RateLimitError
openai.RateLimitError (HTTP 429)
Stack trace
openai.RateLimitError: Error code: 429 - {'error': {'message': 'Rate limit reached', 'type': 'requests', 'code': 'rate_limit_exceeded'}} Why it happens
The OpenAI Assistants API enforces strict rate limits to prevent abuse and ensure fair usage. When your application sends requests too quickly or exceeds your quota, the API responds with a 429 RateLimitError. This protects the service but requires clients to handle retries or backoff.
Detection
Monitor API responses for HTTP 429 status codes or catch openai.RateLimitError exceptions to detect rate limiting before your app crashes.
Causes & fixes
Sending requests too rapidly without delay or backoff
Implement exponential backoff or fixed delays between requests to respect the API rate limits.
Exceeding your OpenAI account's monthly or per-minute quota
Check your OpenAI usage dashboard and upgrade your plan or request quota increases if needed.
Multiple parallel processes or threads making concurrent API calls
Serialize or limit concurrency of API calls to stay within rate limits.
Code: broken vs fixed
from openai import OpenAI
client = OpenAI()
# This line triggers RateLimitError if too many requests are sent
response = client.chat.completions.create(model="gpt-4o-mini", messages=[{"role": "user", "content": "Hello"}]) import os
import time
from openai import OpenAI, RateLimitError
client = OpenAI(api_key=os.environ["OPENAI_API_KEY"])
try:
response = client.chat.completions.create(model="gpt-4o-mini", messages=[{"role": "user", "content": "Hello"}])
print(response.choices[0].message.content)
except RateLimitError:
print("Rate limit hit, retrying after delay...")
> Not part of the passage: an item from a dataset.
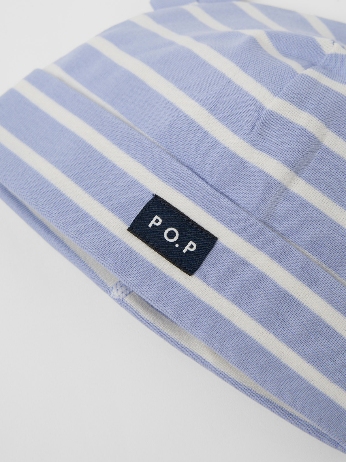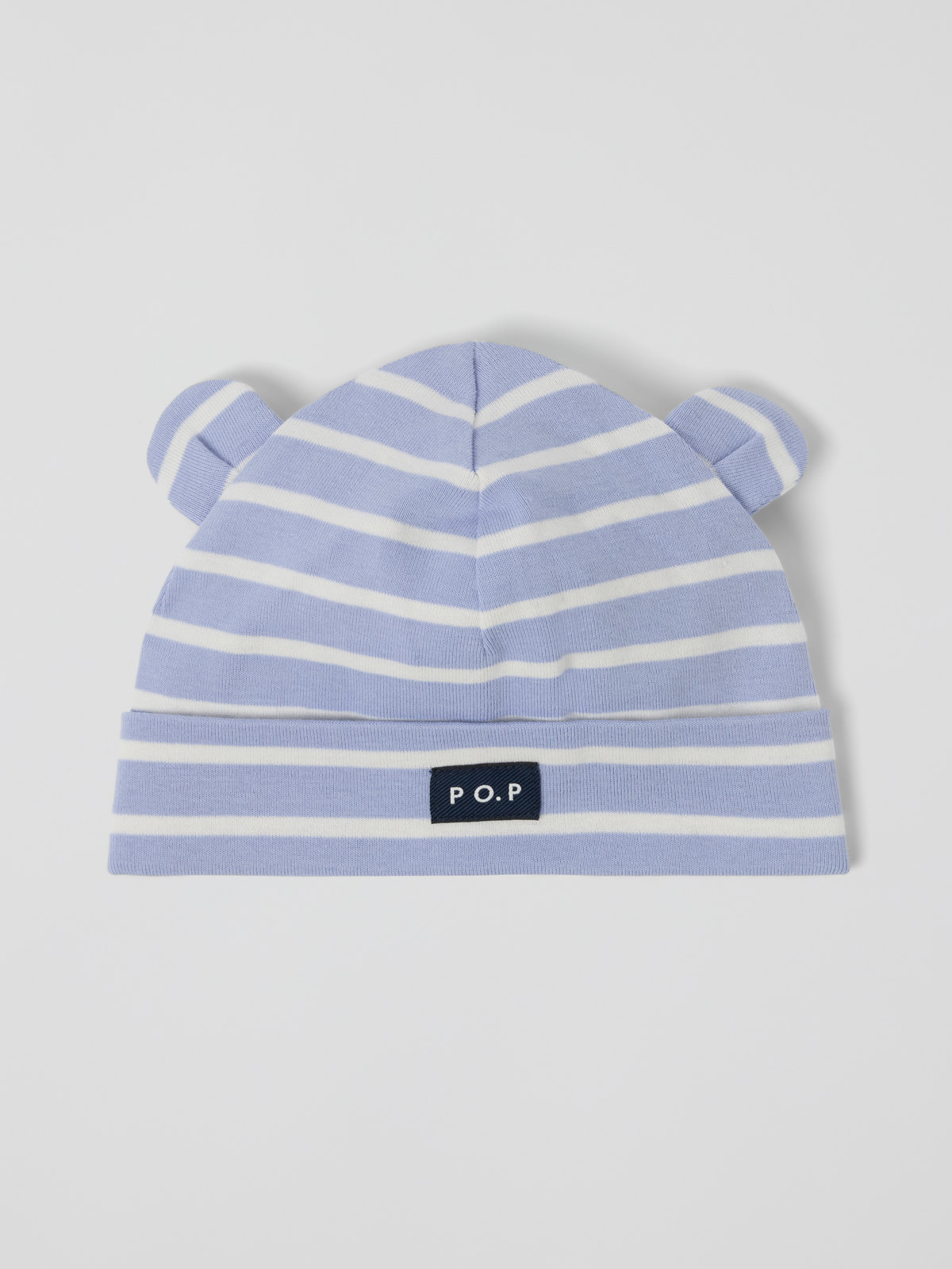 Randig mössa i 100 % ekologisk bomullstrikå för baby. Mössan är prydd med påsydda öron och har ett uppvik som kan justeras efter bebisens huvudstorlek.
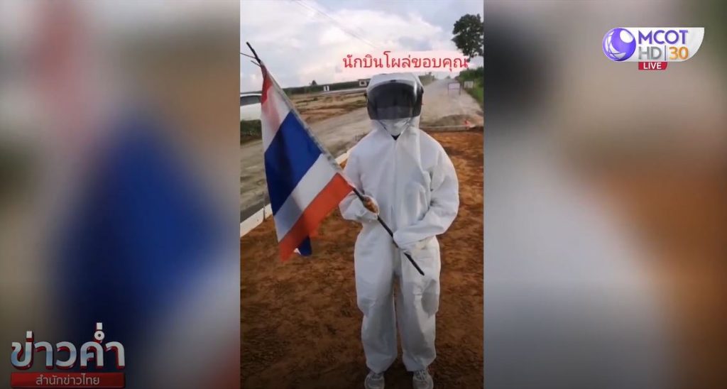 ขอนแก่น 18 ก.ย. – หญิงสาวชาว อ.กระนวน จ.ขอนแก่น ที่สวมชุด PPE แปลงร่างเป็นมนุษอวกาศ เดินสำรวจถนนที่เป็นหลุมขรุขระ ขอบคุณเจ้าหน้าที่และสื่อที่ทำให้หลายฝ่ายลงพื้นที่ซ่อมแซมถนน

time.sleep(10) # Wait 10 seconds before retrying
response = client.chat.completions.create(model="gpt-4o-mini", messages=[{"role": "user", "content": "Hello"}])
print(response.choices[0].message.content)
# Note: API key is read from environment variable OPENAI_API_KEY Workaround
Wrap API calls in try/except RateLimitError and implement a manual retry with a fixed sleep delay to avoid immediate failures.
Prevention
Use client-side rate limiting with exponential backoff and monitor usage quotas to avoid hitting OpenAI Assistants API rate limits.